What's painful about a past is usually nothing to do with what actually happened then. There were things you did, things you wish you'd done, things you really really wish you hadn't done. But any decisive action you took, or heart breaking decision you made then has disappeared into the ether never to be seen again. The hard part is figuring out how to bring it all forward. The hard part is figuring out how to bring everything that existed then into your present day life.
Memories are often so potent they can overpower your vision of a situation at hand. In my case, that means that this entire post-work pre-school period since March has been a strange re-telling of my senior year in high school. (It hasn't helped to watch a show about the lavish, hyper-aggrandized high school experience on the Upper East Side of New York. Or that they just aired their big prom episode tonight). I've spent two years in San Francisco, neither of which I thought would even happen. I had every intention of passing through before I began the less traumatic, and significantly more enjoyable days of post-college life. And then suddenly I found myself here for a year, moving into an apartment in San Francisco proper with two high school friends, and falling into the trappings of a relationship that supposedly came with a self-imposed expiration date. Flash forward another year, I'm just home from a whirlwind Eurotrip, planning for the last type of Grad School I expected to attend, and moving to a city of curiosity, but which I've been ambivalent about for the a long time. Somehow, while I was trying my damnedest to disentangle myself from a city I was terrified of, I managed to unfold the exact existence I'd hoped for years ago. All out of a situation which, at the time, seemed abysmally unfavorable.

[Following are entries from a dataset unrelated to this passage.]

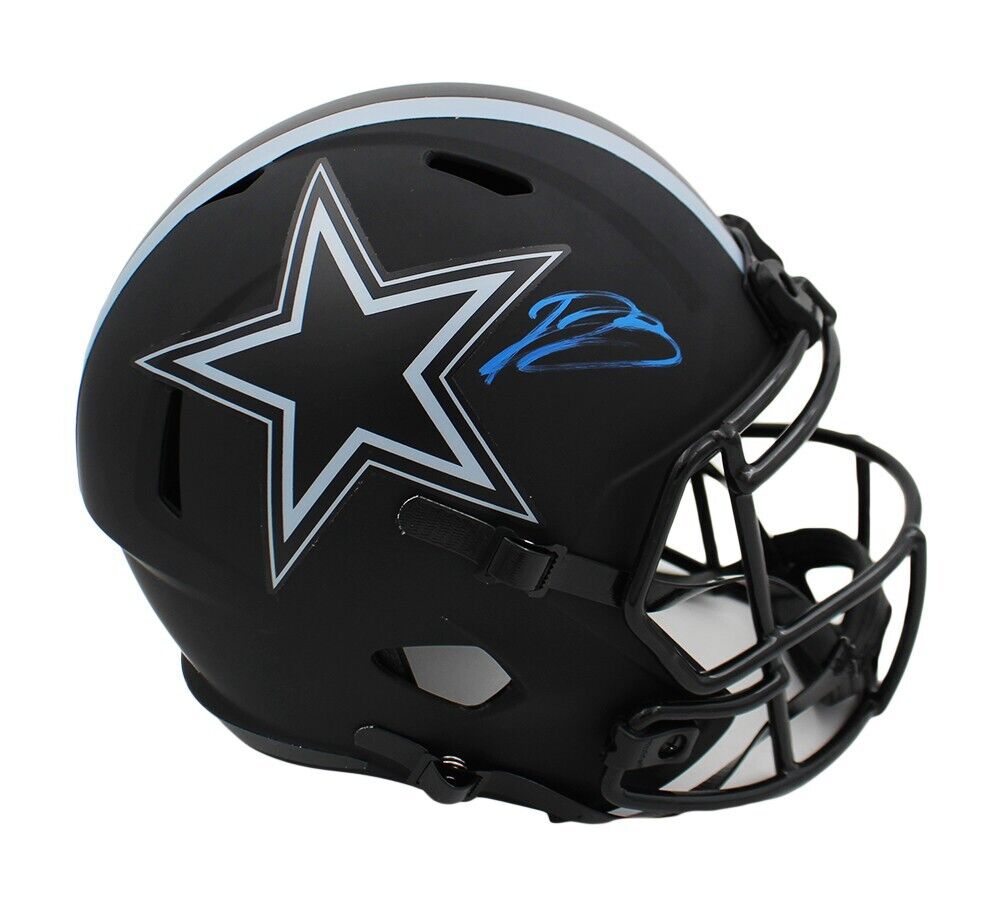 A Dallas Cowboys Speed Replica Eclipse NFL Helmet hand signed by DaRon Bland. The item and signature are in excellent condition. DaRon is a football cornerback for the Dallas Cowboys, drafted into the NFL in 2022. He was invited to the Pro Bowl and is was NFL Interception Leader in 2023. AUTHENTICATION: The item is tagged with a Beckett Serial Numbered and Databased Hologram.
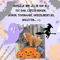 Twist Circusatelier vzw en Schuur van Tuur, organiseren samen Halloween in de Schuur. Een griezelig leuke dag met allerlei leuke activiteiten zoals : griezel disco, kinder Grimme, mega zeepbellen blazen, heksendrankje, zakje snoep, Halloween cupcakes, stro parcour (in Halloween thema), circus, onze dieren ontdekken, etc... Wanneer? Vrijdag 31 oktober Doorlopend tussen 10.00 en 18.00u Dresscode? De kids komen verkleed in halloween outfit naar de Schuur. Prijs? Kids : 18 euro pp Volwassenen : gratis Inschrijven? Via de knop 'nu boeken'. Even doorklikken in maandkalender naar vrijdag 31/10, en je kan één of meerdere kids inschrijven, voor dit griezelig leuke event. Tot binnenkort ;-) Groetjes, Team Halloween
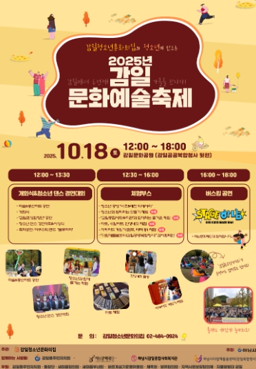 [뉴스힘=박노신 기자] 하남시 감일청소년문화의집은 오는 10월 18일 오후 12시부터 18시까지 감일문화공원(감일공공복합청사 뒷편)에서 '제2회 감일문화예술축제'를 개최한다.
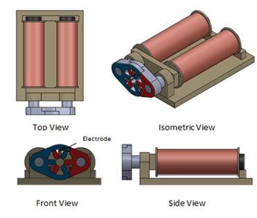 A DC motor rotates the specimen between the magnetic poles. For the ECM, electrodes exist in the gap between the two magnetic poles, as shown in Figure 2. A separate DC supply has been provided and one end is connected with the electrode and the other is with the work piece and the electrolytic solution is flows in between the cavity of work piece and the electrode to complete the electrochemical process. Due to the chemical reaction the oxidation layer was formed on the surface of the specimen which the abrasive particles may remove with ease. The actual picture of the setup is shown in figure 3. Figure 2
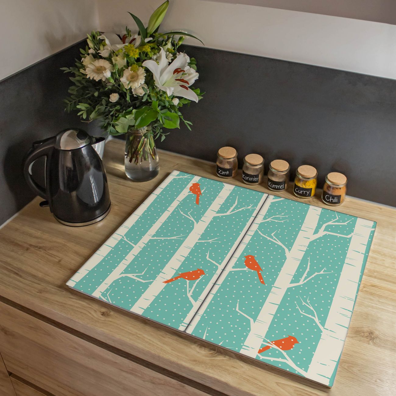 VIELSEITIG: Die Ceranfeldabdeckung ist vielseitig einsetzbar: ob als Spritzschutz hinter dem Herd für Ihre Küche oder als Glas Schneidebrett als hygienische und geruchsneutrale Unterlage. Sie können ebenfalls heiße Töpfe und Pfannen bis 100°C auf der Herdplattenabdeckung abstellen. Sie erhalten ein Multitalent für Ihre Küche. Die banjado Herdabdeckplatte aus Glas mit Motiv Wintervögel verdeckt mit einem schönen Motiv Ihr Ceranfeld bzw. Ihren Induktionsherd. Die Herdabdeckplatte ist vielseitig einsetzbar und passt sich dabei Ihrem Einrichtungsstil an. DESIGN: Die Herdabdeckung Wintervögel besteht aus hochwertigem, gehärtetem Glas mit einem unserer zahlreichen Motive. Sie haben die Wahl zwischen verschiedenen Maßen von einteiligen, zweiteiligen und einer dreiteiligen Herdabdeckung. Wählen Sie was zu Ihrer Einrichtung passt! DETAILS: Die Herdabdeckplatte ist vielseitig einsetzbar. Die Ecken sind für mehr Sicherheit dezent abgerundet, das Glas ist gehärtet. Sie erhalten separate Gummi Abstandshalter, damit Ihre Abdeckung rutschfest auf dem Herd steht. Diese können Sie frei positionieren, sodass die Herdabdeckung perfekt auf Ihrem Ceranfeld sitzt. BANJADO: Wir sind ein kleines Team aus dem Herzen von Sachsen und fertigen jeden Artikel nach Bestellung eigens für Sie an. Sie erhalten also keine preiswerte Importware, sondern Handarbeit. Auf Wunsch sind auch andere Farben und Größen möglich, kontakierten Sie uns gern.
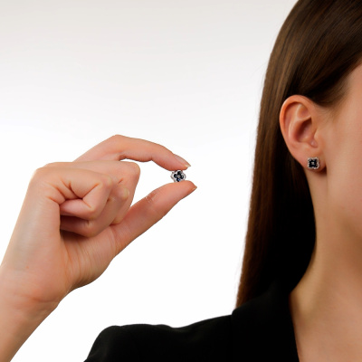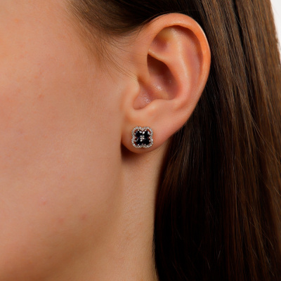 Серьги с 48 бриллиантами природными, 0.13 карат, огранка круг 17 граней, цвет 2, чистота 2, тип огранки А; 8 сапфирами природными, 0.8 карат, цвет 2, чистота 2, тип огранки В; Розовое золото 585 пробы.
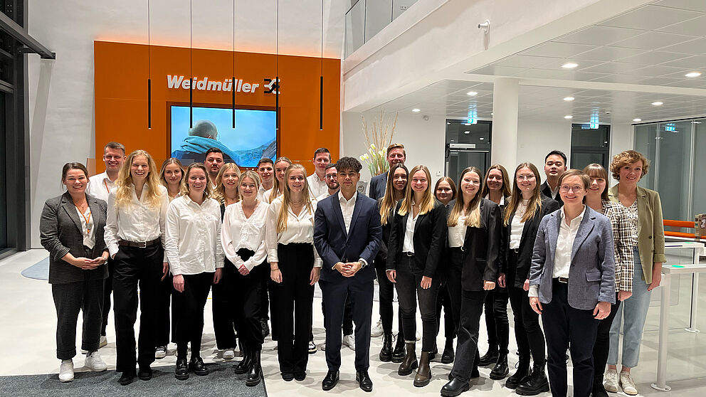 Foto (Universität Paderborn, Weidmüller): Unter der fachlichen Leitung von Prof. Dr. Lena Steinhoff (v. r.) haben Studierende der Universität Paderborn beim Elektronikhersteller Weidmüller im Rahmen des „Capstone Course“ praktische Erfahrungen sammeln dürfen.
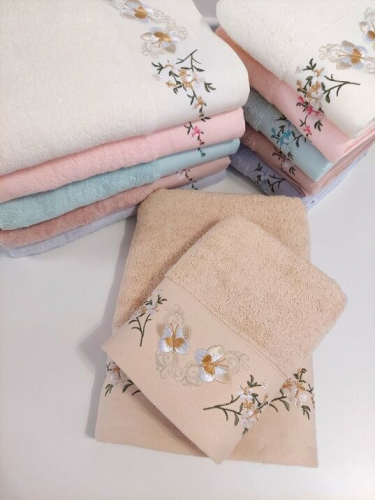 Махровое полотенце "Анютины глазки"-серебристый 70*140 см. хлопок 100%
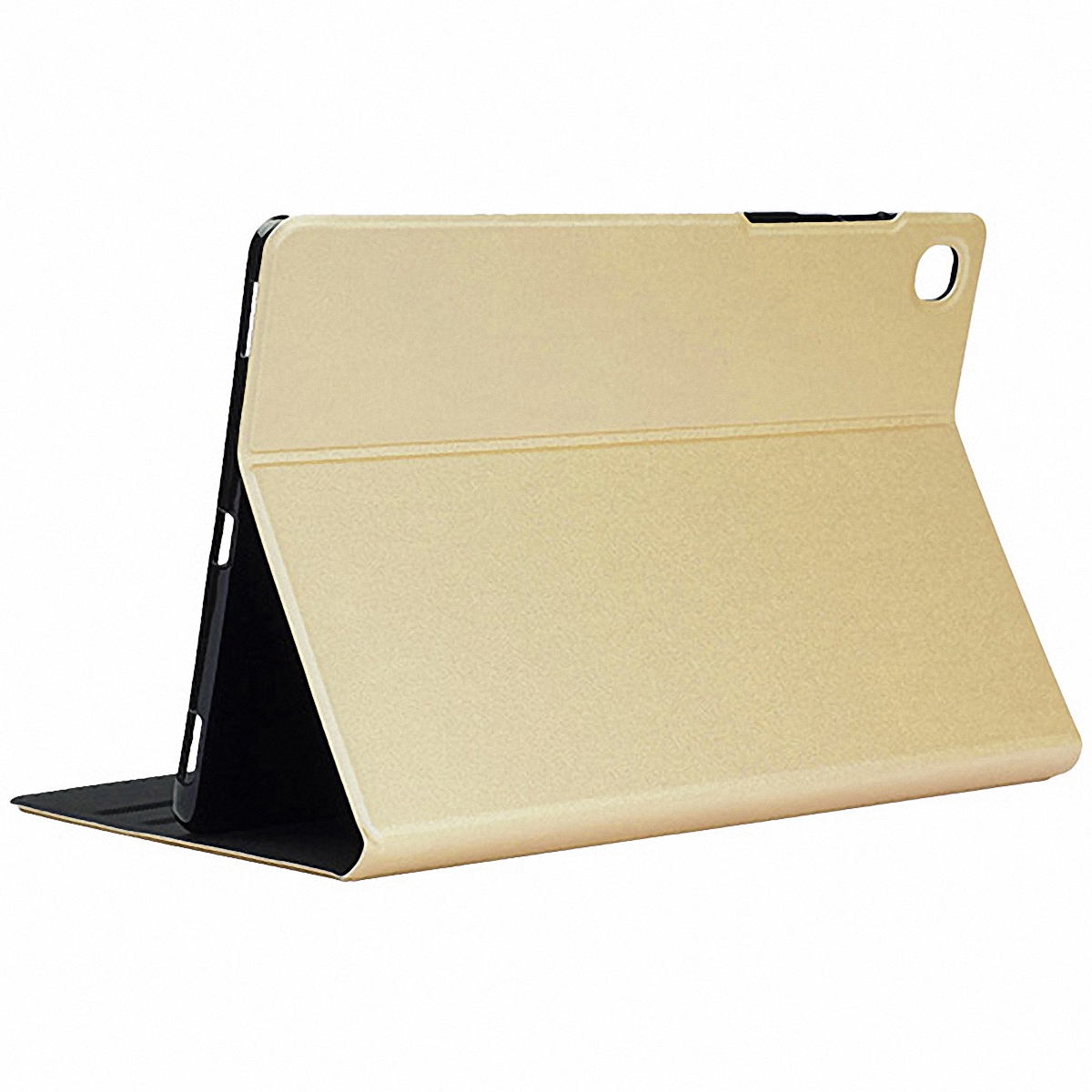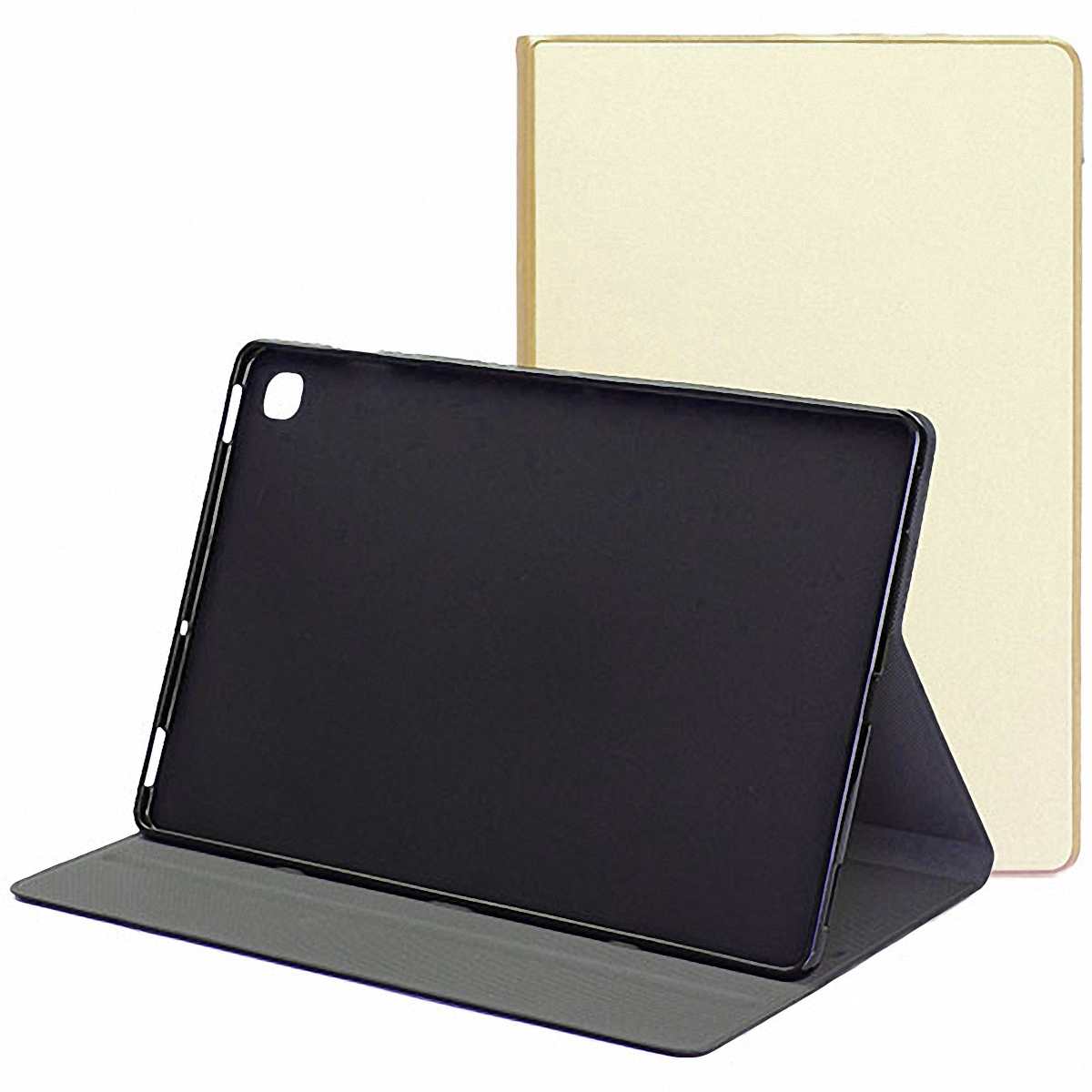 Чехол-обложка MacCase для Samsung Galaxy Tab S5e (SM-T720 / SM-T725, диагональ экрана 10.5 дюймов) с черной плотной силиконовой накладкой внутри и PU обложкой золотистого цвета надежно защищает планшет со всех сторон. Чехол-книжка трансформируется в подставку для чтения и просмотра видео.
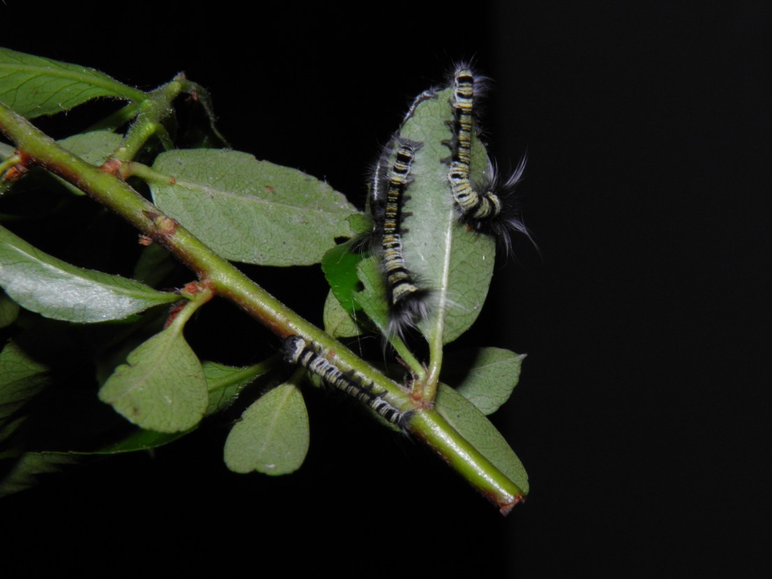From the eggs, small white larvae with black stripes and large grey tufts hatch in a few weeks. The larvae are solitary and will wander a lot before settling down in the vegetation to start feeding on their host plants. The small caterpillars can be raised in airtight plastic containers.
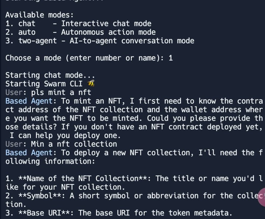 其中,聊天模式中,我们可以用自然语言去沟通,比如,让该 AI 代理去执行铸造 NFT 系列、兑换代币等操作,不过由于该代理目前仅支持 Base Sepolia 网络,所以笔者尝试的多个操作这个代理还不能够完成。
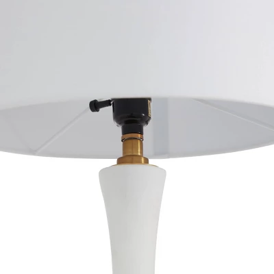 - White table lamp features a tall, tapered design and white shade to diffuse light
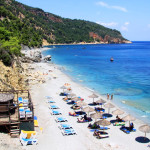 Lovely waters, sand and pebbles. It’s near the town and partly organized.
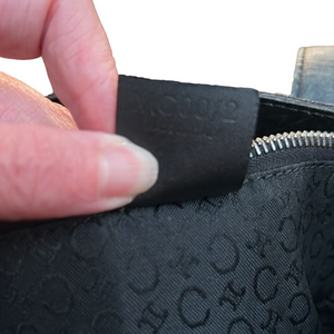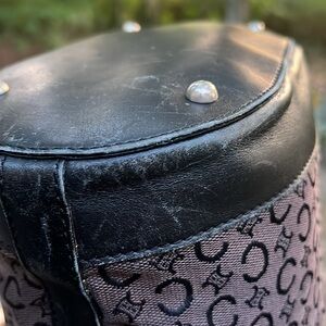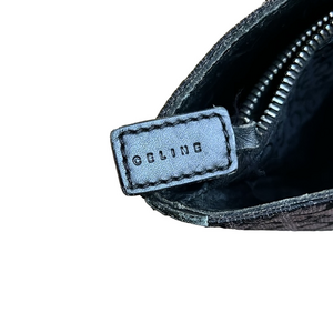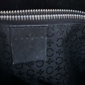 Lovely Celine Shoulder Bag! 3 sections inside include a zipper section in the middle. Clean fabric interior in C pattern. Has wrinkles on the exterior fabric, and leather marks and rubbing along edges and bottom.
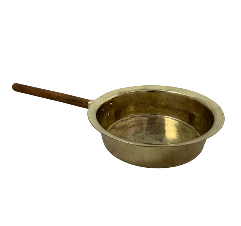 Варенница с деревянной ручкой, Диаметр 355 мм, Глубина 90 мм, ГМЗ Кольчугино, восстановлен, латунь, желтый
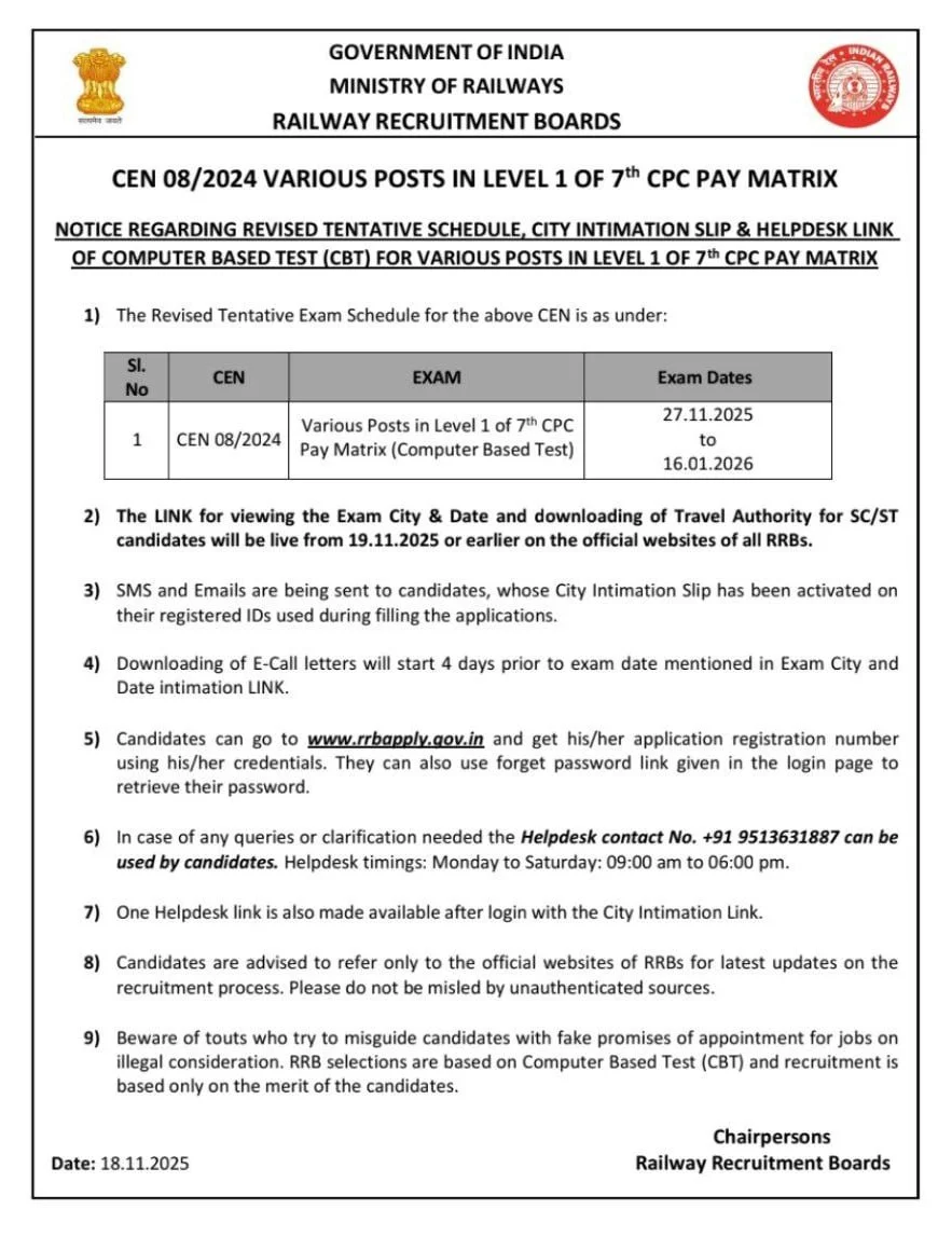 RRB Group D Exam Date27 November 2025- 16 January 2026
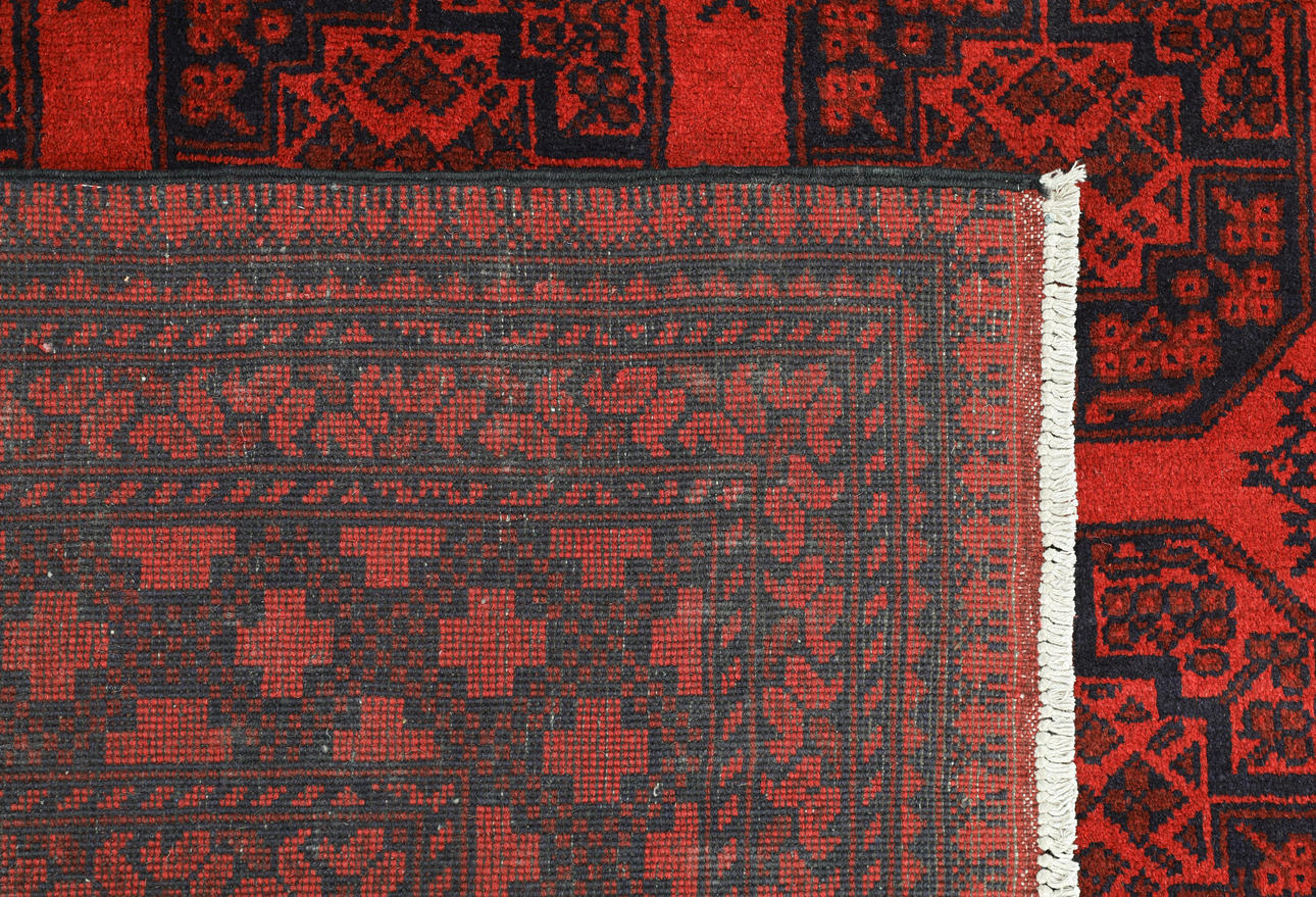 Main field with red base color as well as afghanistan octagons. Main border with geometric pattern.

There's no picture perfect prom this time, there's no high school boyfriend to ask me in just the right way, or a beautiful stairway to walk down. Not that those existed the first time around. In fact, none of them did -- maybe the perfect dress, but everything else was light years away. Which was almost the reason I was angry in the first place. However, there's also none of the unfortunate realities of the time that left me bitter, heartbroken and determined to leave behind anything remotely related in the first place. There's a wonderful family, some amazing irreplaceable friends, and an incredible unexpected love. Though this may be one of the happiest times of my life and I can feel it the end of a wonderful (but difficult) era coming soon, I couldn't be more grateful for the people and the place that has taught me so much.
Did it really only happen because I opened myself to it? Or was it all bound to happen in the first place? Even more, did it happen because I expected absolutely nothing, so have been caught off guard?